-- EXERCISE --
Start to finish, retype the entries exactly while omitting the pictures.

-- MATERIAL SUPPLIED --
=== Begin Enclosure ===

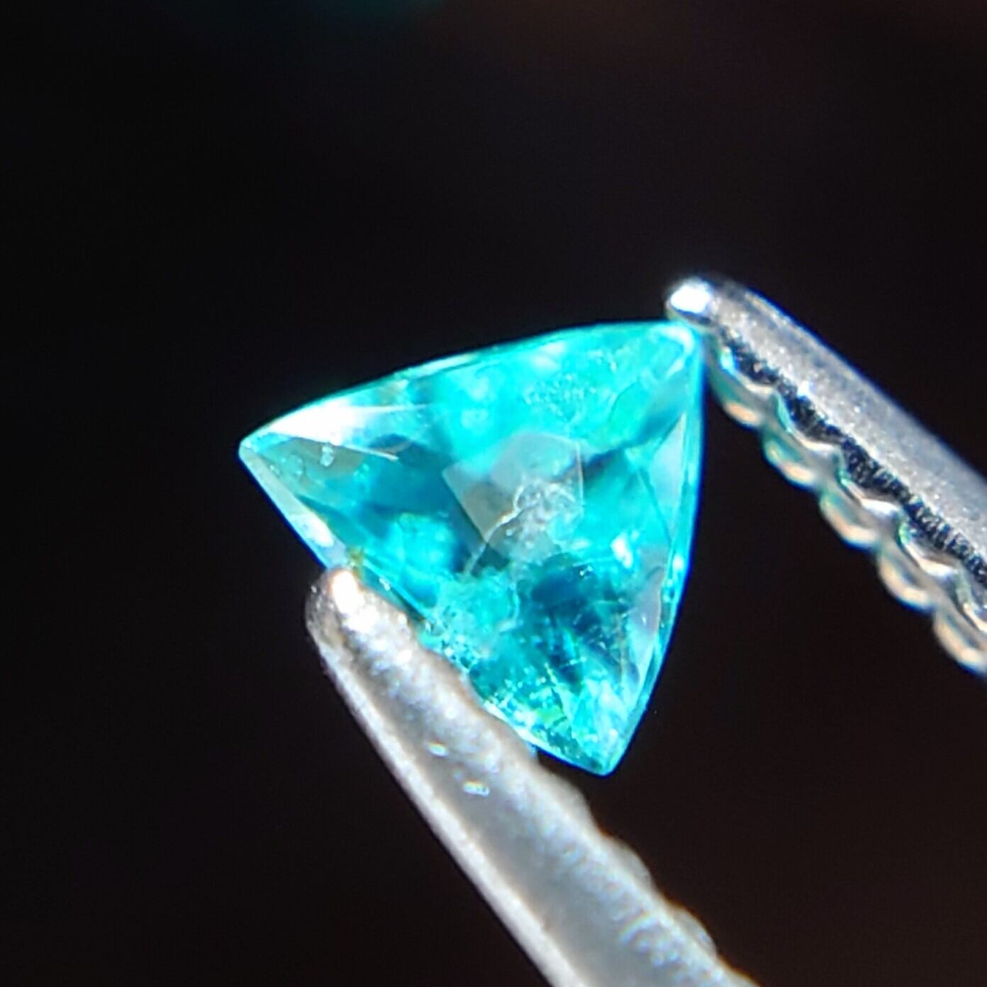 モディファイドトライアンギュラーブリリアントカットの輝りも美しく、ブラジル産特有の強いネオン感♪
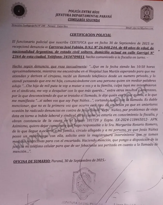 La trama también incluye amenazas directas contra denunciantes. José Fabián Carreras, extrabajador municipal y una de las primeras voces en denunciar las irregularidades, fue despedido en represalia y más tarde recibió un llamado telefónico intimidatorio. Núñez le advirtió: “Si intervienen el sindicato, voy a ir por lo que más querés”, en alusión a su familia. Carreras radicó una denuncia ante la policía, pero reconoce sentir temor, especialmente porque el sindicalista cuenta con protección política.
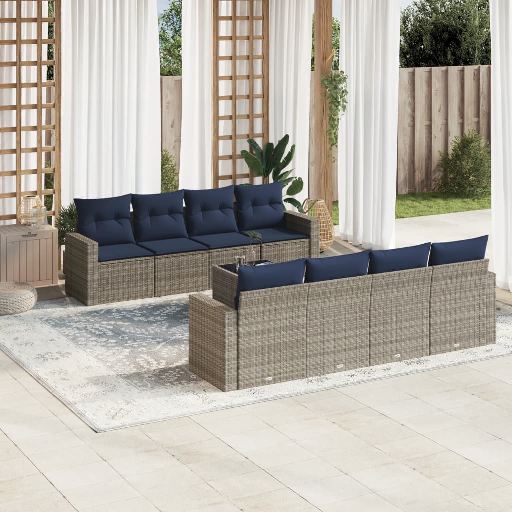 vidaXL 9-delige Loungeset met kussens poly rattan grijs Aantal Tijdelijk niet leverbaar Prijs € 622,90
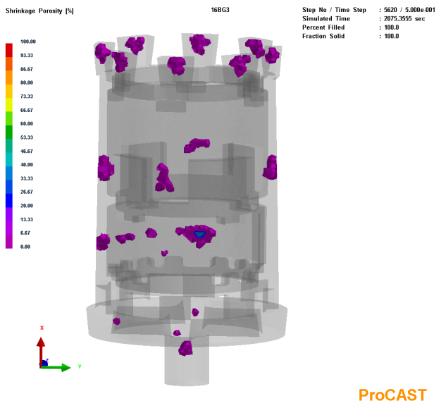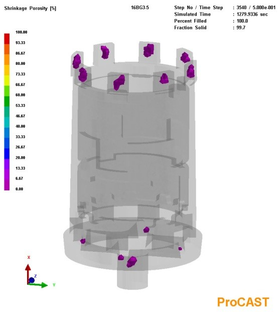 圖11:改進設計后鑄件凝固過程溫度場 鑄件模擬結果的缺陷預測見圖12。可以看到,除了澆注系統(tǒng)和冒口中的縮孔、縮松缺陷外,在鑄件的中下部薄壁區(qū)域和中部凸臺之間的薄壁區(qū)域的縮松缺陷得到消除,這與鑄件凝固過程溫度場的結果也是一致的。
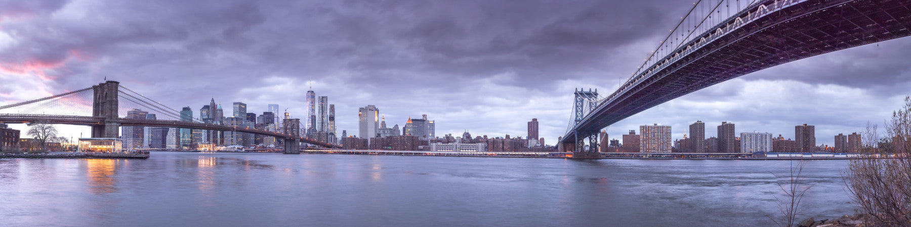 Brooklyn Bridge and Manhattan Bridge over East river, New York. Capture the urban magic with this breathtaking cityscape. The image presents a wide panorama of New York City's iconic bridges meeting the towering skyline under a twilight sky. The tranquil water reflects the city lights, adding depth and allure. The calming hues offer a peaceful ambiance, making it perfect for bedrooms or offices. Use this wallpaper for walls to infuse modern homes with a touch of big city splendor. It perfectly suits a living room or study.

=== End Enclosure ===

-- SOLUTION --
 モディファイドトライアンギュラーブリリアントカットの輝りも美しく、ブラジル産特有の強いネオン感♪
 La trama también incluye amenazas directas contra denunciantes. José Fabián Carreras, extrabajador municipal y una de las primeras voces en denunciar las irregularidades, fue despedido en represalia y más tarde recibió un llamado telefónico intimidatorio. Núñez le advirtió: “Si intervienen el sindicato, voy a ir por lo que más querés”, en alusión a su familia. Carreras radicó una denuncia ante la policía, pero reconoce sentir temor, especialmente porque el sindicalista cuenta con protección política.
 vidaXL 9-delige Loungeset met kussens poly rattan grijs Aantal Tijdelijk niet leverbaar Prijs € 622,90
 圖11:改進設計后鑄件凝固過程溫度場 鑄件模擬結果的缺陷預測見圖12。可以看到,除了澆注系統(tǒng)和冒口中的縮孔、縮松缺陷外,在鑄件的中下部薄壁區(qū)域和中部凸臺之間的薄壁區(qū)域的縮松缺陷得到消除,這與鑄件凝固過程溫度場的結果也是一致的。
 Brooklyn Bridge and Manhattan Bridge over East river, New York. Capture the urban magic with this breathtaking cityscape. The image presents a wide panorama of New York City's iconic bridges meeting the towering skyline under a twilight sky. The tranquil water reflects the city lights, adding depth and allure. The calming hues offer a peaceful ambiance, making it perfect for bedrooms or offices. Use this wallpaper for walls to infuse modern homes with a touch of big city splendor. It perfectly suits a living room or study.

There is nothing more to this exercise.